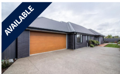
10 Chedworth Court, ROLLESTON
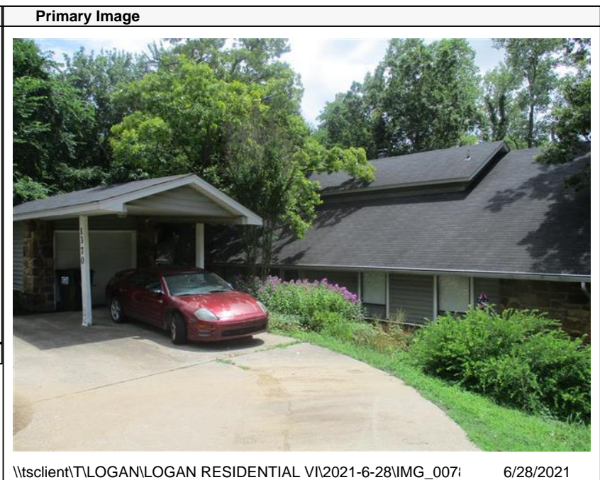
\\tsclient\T\LOGAN\LOGAN RESIDENTIAL VI\2021-6-28\IMG_0071 6/28/2021
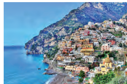
The town of Sorrento in the Gulf of Naples

The congress provides the European folding carton industry and their supply chain partners a unique opportunity to meet, exchange information and trends, and network at a spectacular location.
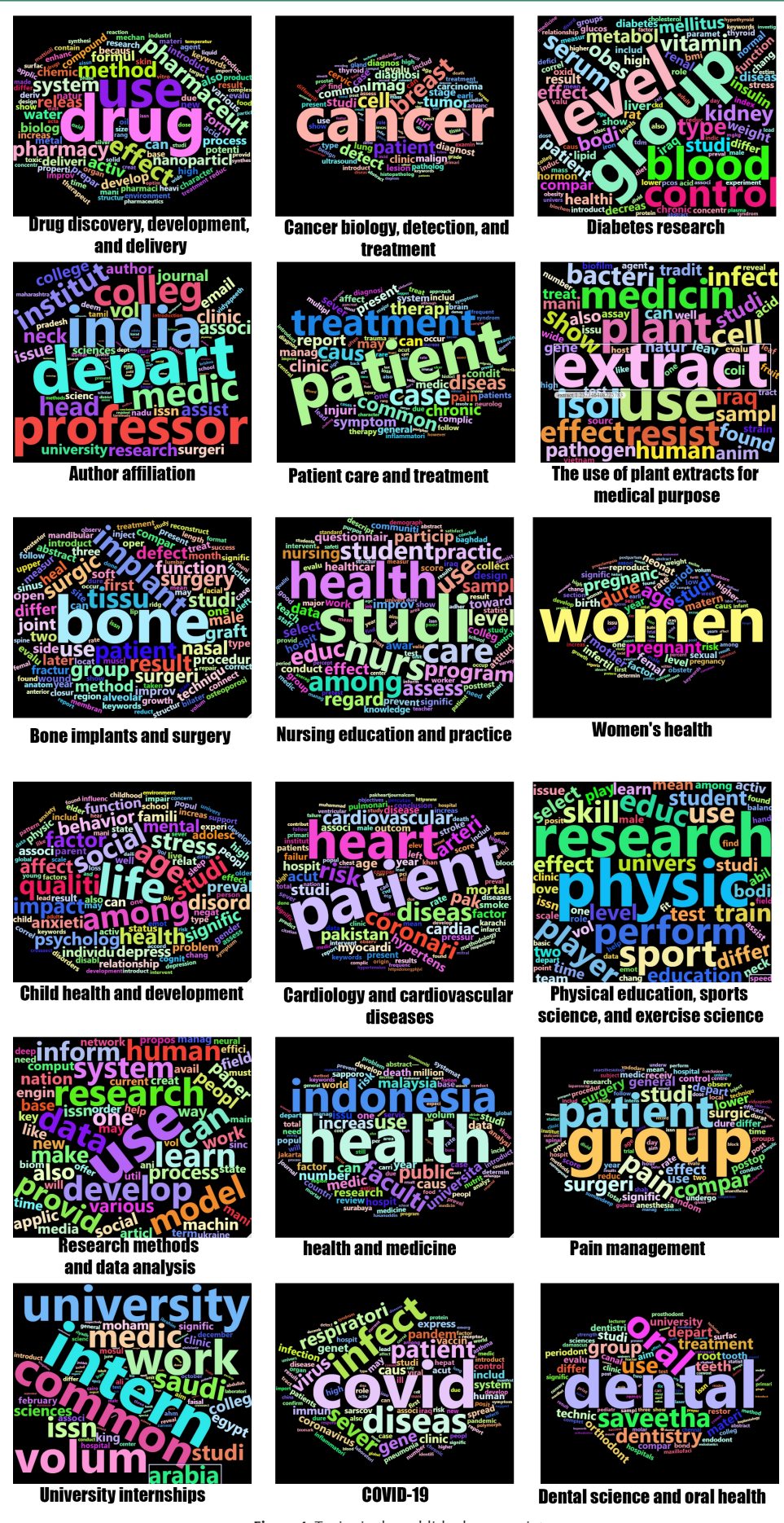
Figure 4. Topics in the published manuscripts
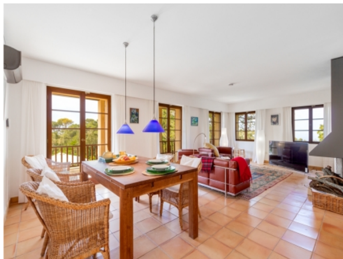
Light-flooded living and dining area
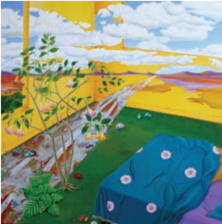
The Travelers Oil on Canvas, 54 x 54 inches. 2006 Donna Torres

elements that they too have encountered.
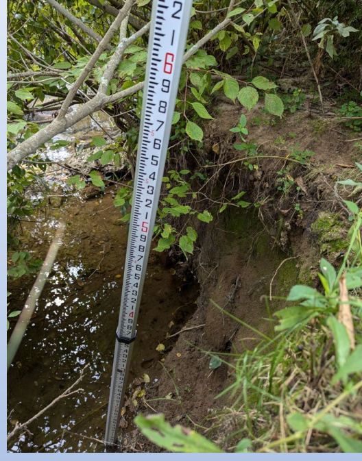
Watauga – Kellwood Townhomes
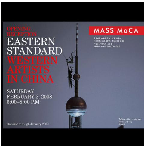
Exhibition Publicity Credit: Tobias Bernstrup (2008)
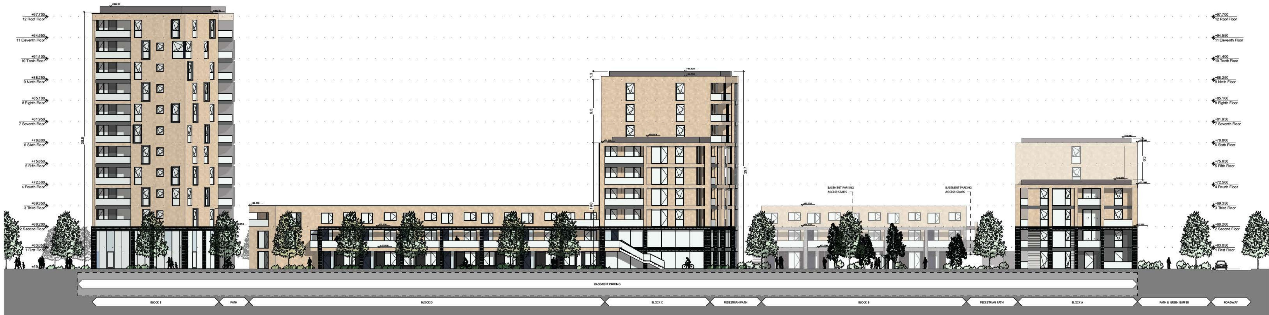
NORTH ELEVATION SCALE 1:200
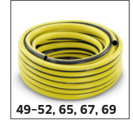
49-52, 65, 67, 69
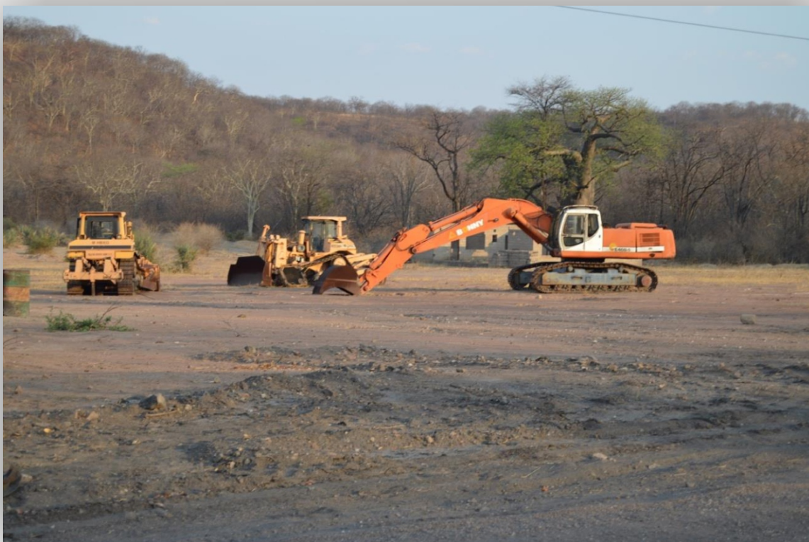
Fig 3; Some mining equipment at Makomo coal mine, such machinery also significantly pollutes the air during operational times.
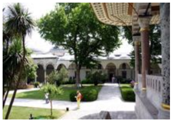
Figure 18. Enderûn Library, Or Library Of Sultan Ahmed III

The Third Courtyard which has the private parts of the palace within the gate of "Bâbi Saadet". It is a smaller perystyle than the second court. This court is surrounded with the important buildings of the palace as Harem, the Treasury and Supply Room. At the same time, the third court was a university where the precious artists and scholars of the palace lived and worked. It was called Enderun (Figure 18). The entry of Harem is from this court (Mutlu, 2006).
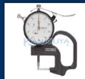
Analog Dial Thickness Gauge
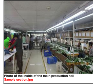
Photo of the inside of the main production hall Sample section.jpg
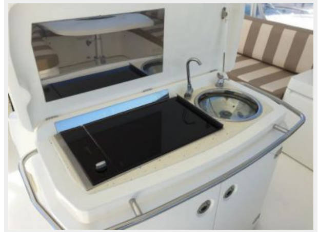
Flybridge - Grill and Sink
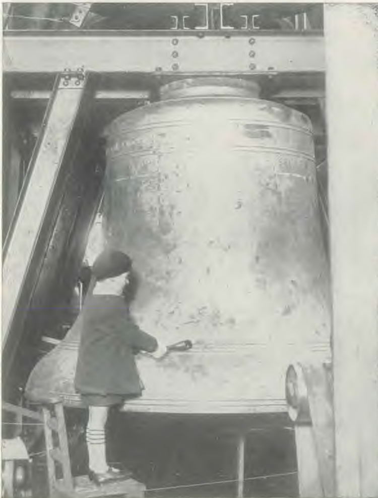
The world's greatest carillon for Victory Tower, Ottawa, is expected to ring out for the first time on July 1. The bells are from the foundries of Gillett and Johnson, Croydon, England. The carillon consists of 53 bells. The photograph shows the largest one, a bass, weighing ten tons. It has an inscription in French and English and a decoration of maple leaves around the top.

Those who were directly instrumental in bringing about the birth of the nation whose sixtieth birthday we celebrate this year are called the Fathers of Confederation. They were of French, English, Scotch, and Irish descent and represented both of the great political parties in Canada. The story of how it has come to pass that there are two nations in North America, both predominantly English in language, both drawing their political ideals of representative government from Great Britain, one British and the other completely separated politically from the mother country, is intensely interesting, but too long to be rehearsed in detail here. For over one hundred years Canada and the United States have lived side by side in peace; and the prospects of either war or political union between them is now too remote for serious consideration. At the time of the American Revolution in 1776 the French in Lower Canada (Quebec) refused to join in the rebellion against England. They had no particular love for the Americans with whom they had warred for one hundred years; and under the Treaty of Paris they were guaranteed religious freedom and self-government under the British flag. So they turned a deaf ear to the revolutionists. They had no interest in the quarrel.
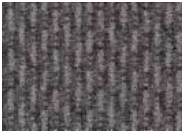
Medium Graphite Cloth
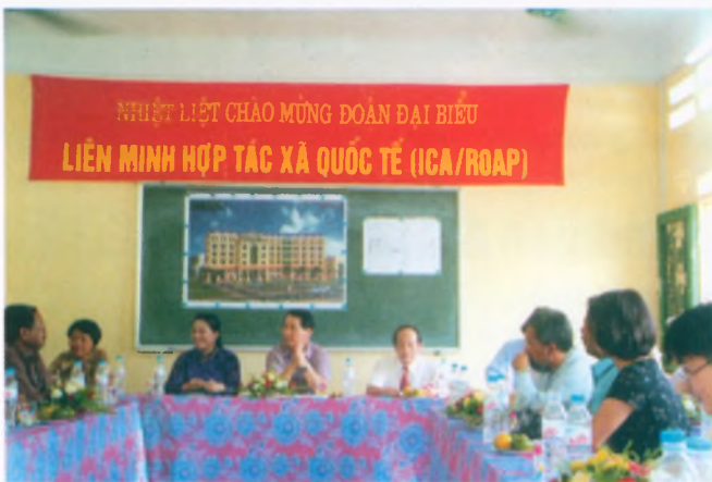
The delegates also visited a primary university co-operative in Hanoi.
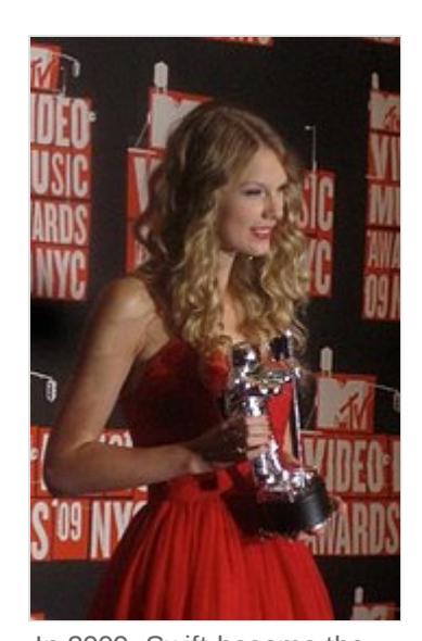
In 2009, Swift became the first country singer in history to win an MTV Video Music Award.
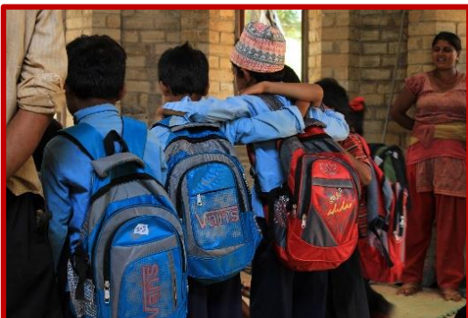
Children out of Program
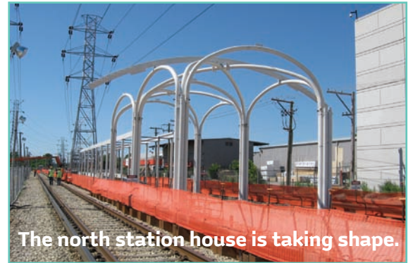
The north station house is taking shape.

• WHAT THE EXERCISE ASKS: Given the records above, return the lines starting at the one that holds "Analog Dial Thickness Gauge" and ending at the one that holds "Flybridge - Grill and Sink", exactly, and nothing besides; leave every picture out.

• REPLY:
Analog Dial Thickness Gauge
Photo of the inside of the main production hall Sample section.jpg
Flybridge - Grill and Sink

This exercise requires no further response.